Mitja Nikolaus,Milad Mozafari,Nicholas Asher,Leila Reddy,Rufin VanRullen

2024-03-18

Abstract:Previous studies have shown that it is possible to map brain activation data of subjects viewing images onto the feature representation space of not only vision models (modality-specific decoding) but also language models (cross-modal decoding). In this work, we introduce and use a new large-scale fMRI dataset (~8,500 trials per subject) of people watching both images and text descriptions of such images. This novel dataset enables the development of modality-agnostic decoders: a single decoder that can predict which stimulus a subject is seeing, irrespective of the modality (image or text) in which the stimulus is presented. We train and evaluate such decoders to map brain signals onto stimulus representations from a large range of publicly available vision, language and multimodal (vision+language) models. Our findings reveal that (1) modality-agnostic decoders perform as well as (and sometimes even better than) modality-specific decoders (2) modality-agnostic decoders mapping brain data onto representations from unimodal models perform as well as decoders relying on multimodal representations (3) while language and low-level visual (occipital) brain regions are best at decoding text and image stimuli, respectively, high-level visual (temporal) regions perform well on both stimulus types.

Computer Vision and Pattern Recognition,Computation and Language

What problem does this paper attempt to address?
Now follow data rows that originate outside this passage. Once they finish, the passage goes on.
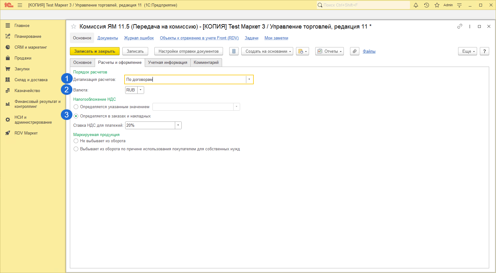 Если используется синхронизация с 1С БП, требуется выполнять настройку по схеме комиссионной продажи 11.0 / 2.0. Подробнее об отличиях комиссионных схем.
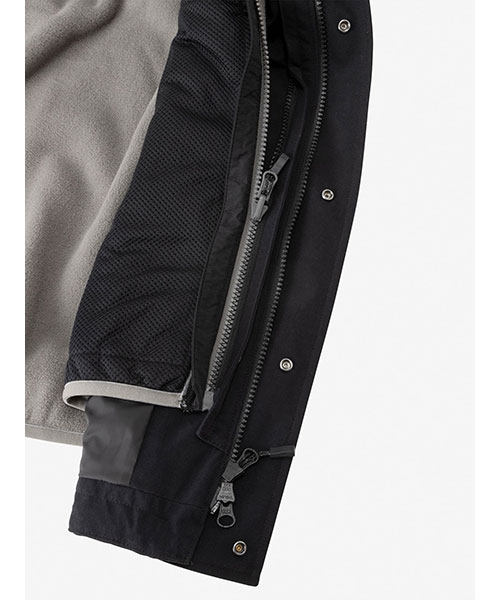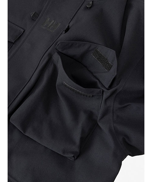 デザインポイントとして、セーリングジャケットを彷彿させる、マチ付きのアウトポケットを配置しています。保温性のあるミドラーの「Naeroy Down Jacket」「Zip Insulation Jacket」「Lyse Fleece Jacket」「Lyse Fleece Vest」と連結できるZip in Zip仕様。環境への負荷に配慮して、リサイクル糸を素材の一部に使用しています。
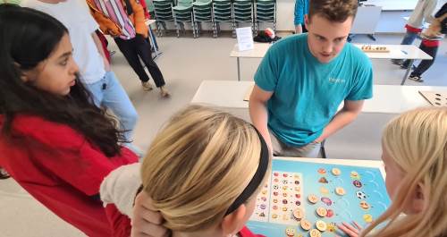 Under foredraget om hjerneforskning fikk vi høre om nevroner, og at vi har så mange i hjernen at vi knapt får til å si antallet. Vi opplevde også hvordan hjernen kan "lure oss" til å se farger når de egentlig ikke er der...
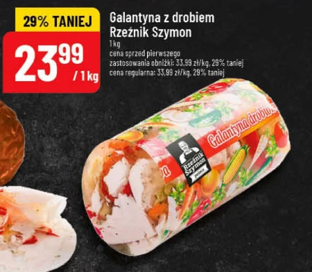 Galantyna z drobiem Rzeźnik Szymon 1 kg cena sprzed pierwszego zastosowania obniżki: 33,99 zł/kg, 29% taniej cena regularna: 33,99 zł/kg, 29% taniej 23,99 / 1 kg Galantyna z drobiem Rzeźnik Szymon jest dostępna w ofercie POLOmarket w cenie 23,99 zł za 1 kg, obniżonej o 29% z ceny 33,99 zł/kg. To tradycyjny wędliniarski wyrób, idealny na zimną przekąskę lub jako element deski serów i wędlin. Galantyna doskonale sprawdzi się podczas rodzinnych spotkań i uroczystości, oferując wyrazisty smak i delikatną konsystencję. Warto skorzystać z tej okazji, aby zaopatrzyć się w wysokiej jakości produkt w atrakcyjnej cenie. Oferta ważna od 2026-04-08 do 2026-04-14 Źródło: gazetka POLOmarket
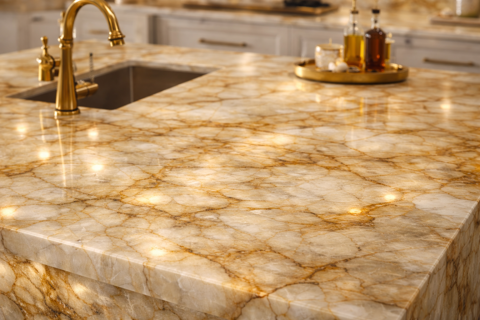 A metamorphic rock made from limestone, known for its elegant veining and translucent shine. It is softer and more porous than granite, making it prone to scratching and staining.
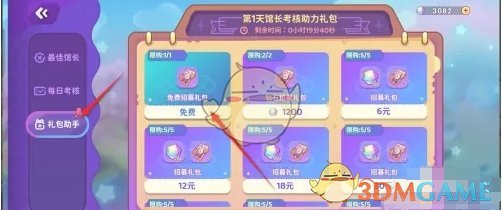 2、在这个页面,点击左侧的礼包助手,找到免费招募礼包进行购买;
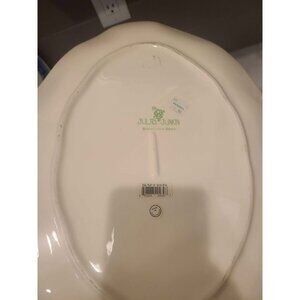 No chips, scratches etc. Excellent condition! The purple is so pretty as the main color here.
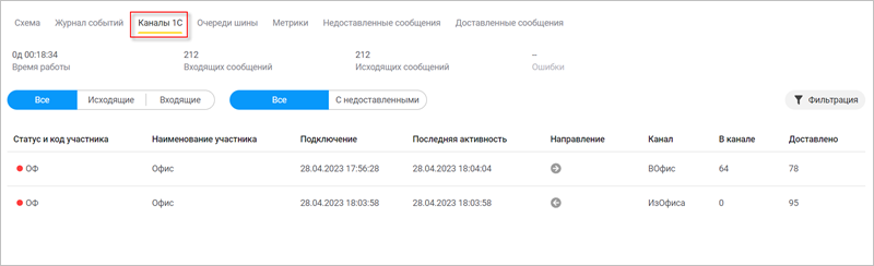Во вкладке Каналы 1С вы можете наблюдать детальную статистику числа отправленных и полученных сообщений (в разрезе каналов). Есть возможность вывести на экран только входящие либо только исходящие каналы, просматривать отдельно каналы с недоставленными сообщениями, а также фильтровать каналы по нужному вам условию:
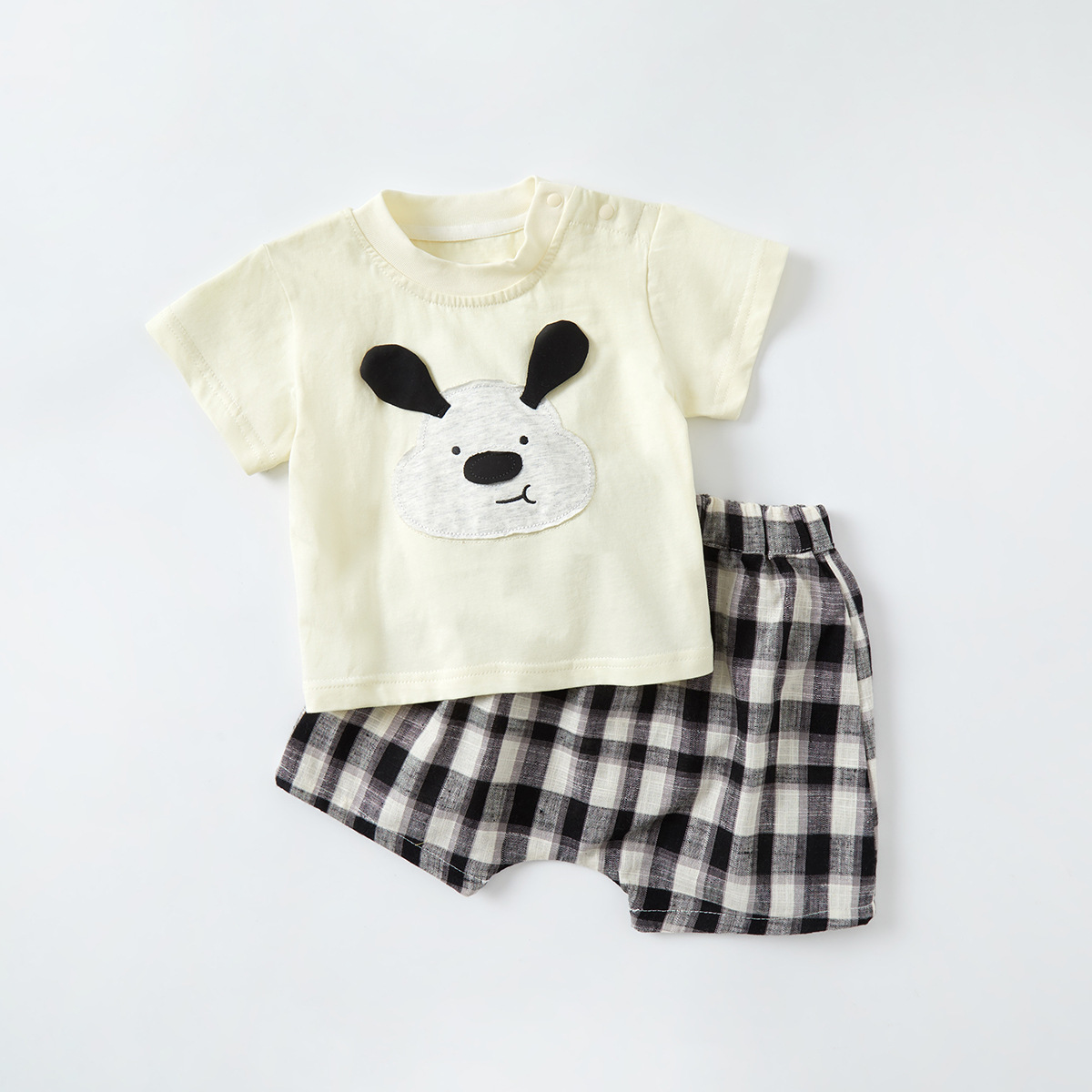 소년 강아지 격자 무늬 바지 투피스 세트 2025 여름 신작 유아용 얇은 반팔 반바지 스플릿 투피스 세트스토어 가기
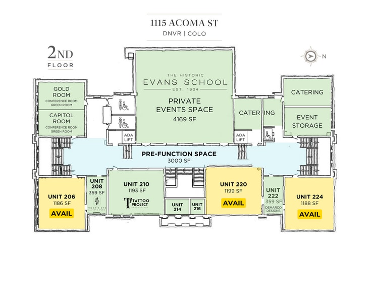 Limited availability! The historic Evans School in the Golden Triangle offers a few remaining spaces for office, retail, and restaurant tenants. Contact us for square footage and leasing details.
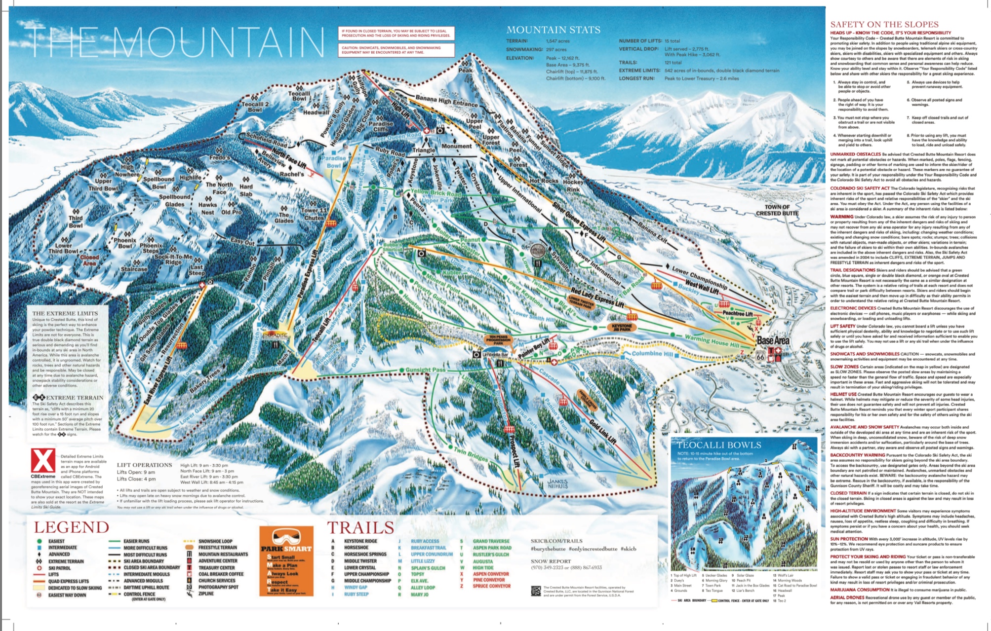 The first thing you need to understand about CB is that there are basically 2 reasons skiers would bypass the larger and easier to get to resorts in Summit County, Vail, or Aspen and go to Crested Butte: Steeps and the town/scenery. The location is remote and it is hard to get to unless you fly directly into Gunnison 32 miles away. Even though the mountain is only about 15 air-miles from the town of Aspen, it’s 173 miles of driving in the winter by road, and 252 miles to the closest major airport in Denver. It takes dedication to get there.
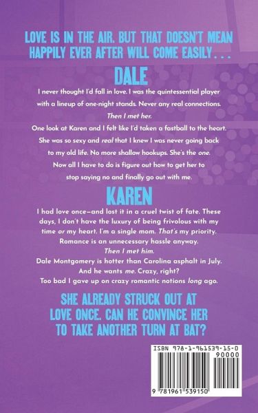 Dale I never thought I'd fall in love. I was the quintessential player with a lineup of one-night stands. Never any real connections. Then I met her. One look at Karen and I felt like I'd taken a fastball to the heart. She was so sexy and real that I knew I was never going back to my old life. No more shallow hookups. She's the one. Now all I have to do is figure out how to get her to stop saying no and finally go out with me. Karen I had love once-and lost it in a cruel twist of fate. These days, I don't have the luxury of being frivolous with my time or my heart. I'm a single mom. That's my priority. Romance is an unnecessary hassle anyway. Then I met him. Dale Montgomery is hotter than Carolina asphalt in July. And he wants me. Crazy, right? Too bad I gave up on crazy romantic notions long ago.
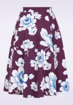 Mit dem Swingrock Rosie erstrahlst du in der schönsten Blumenpracht! Das exklusiv bei Topvintage erhältliche Modell im weiten, fließenden Swing-Style wird hoch in der Taille getragen und zaubert eine wunderschöne feminine Silhouette. Es ist aus einem festen, aber dennoch weichen Baumwollmischgewebe in Aubergine gefertigt und besticht durch einen tollen Blumenprint in Blau und Weiß. * Swing-Style * Seitliche Eingrifftaschen * Verdeckter Reißverschluss an der Seite * Kann mit einem unserer Petticoats kombiniert werden * Exklusiv bei Topvintage erhältlich * Endet bei einer Körpergröße von 1,70 m unterhalb des Knies
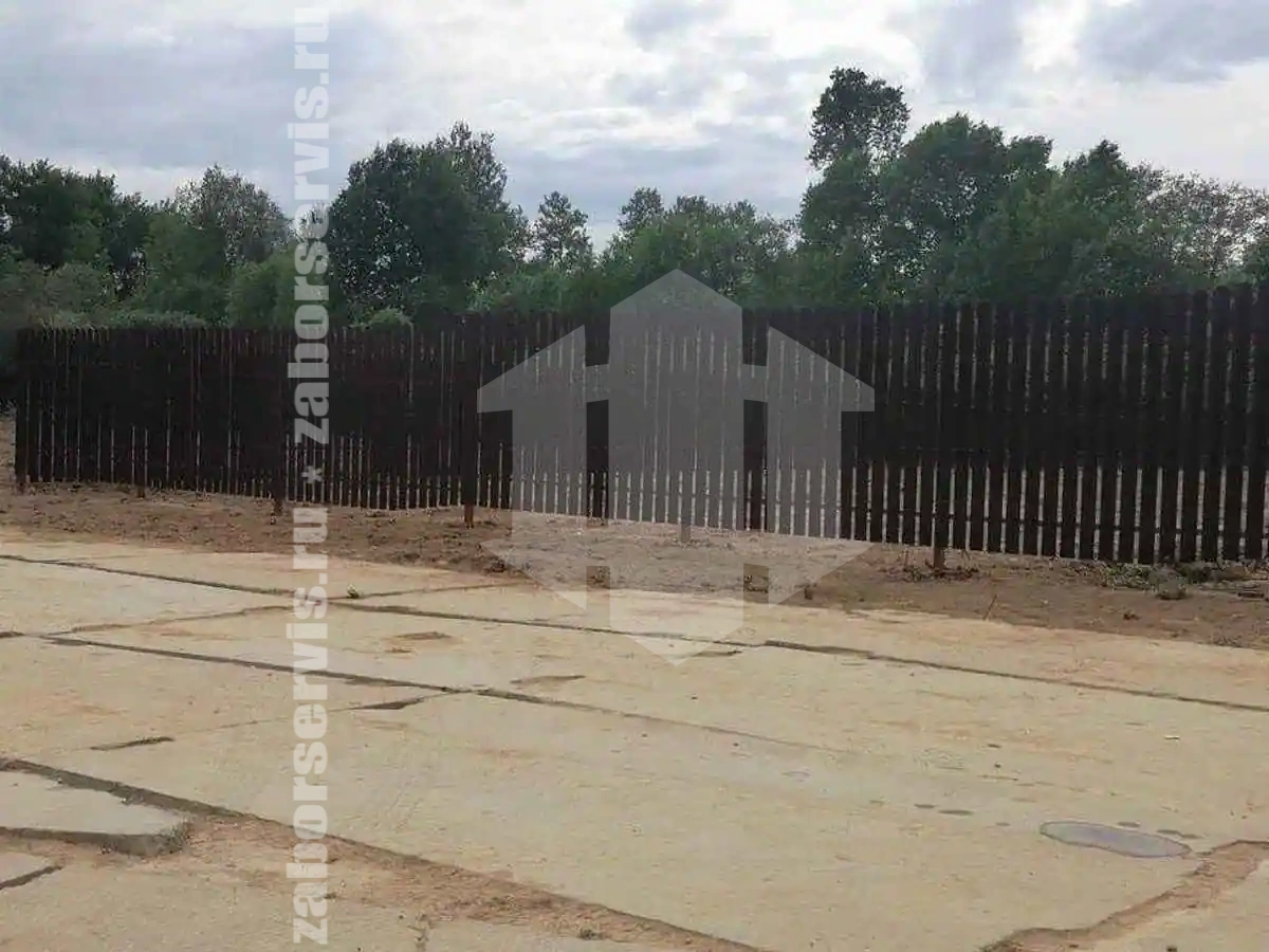 Забор из металлического штакетника коричневый 38 метров

The paper attempts to address the problem of developing a model capable of cross-modal decoding of brain activity, i.e., a single decoder that can predict the stimuli the subject is viewing (whether images or text descriptions) without prior knowledge of the specific modality of the stimuli. Specifically, the researchers utilized a new large-scale fMRI dataset that includes brain activation data of subjects while viewing images and corresponding text descriptions. By training and evaluating this cross-modal decoder, the researchers aim to explore the following points: 1. **Performance of the Cross-Modal Decoder**: Verify whether the cross-modal decoder can achieve similar or even better performance compared to modality-specific decoders (e.g., decoders targeting only vision or language). 2. **Multimodal vs. Unimodal Representations**: Compare the decoding effectiveness based on features from unimodal models (vision or language models) and multimodal models (models combining vision and language) to determine which type of model features are more beneficial for cross-modal decoding. 3. **Decoding Ability of Different Brain Regions**: Analyze the performance of different brain regions (such as low-level visual areas, high-level visual areas, and language-related areas) in decoding image and text stimuli, and explore which brain regions perform better in cross-modal decoding. Through these studies, the paper aims to advance the understanding of how the brain processes and integrates information from different modalities and provide new tools and methods for future cross-modal neuroscience research.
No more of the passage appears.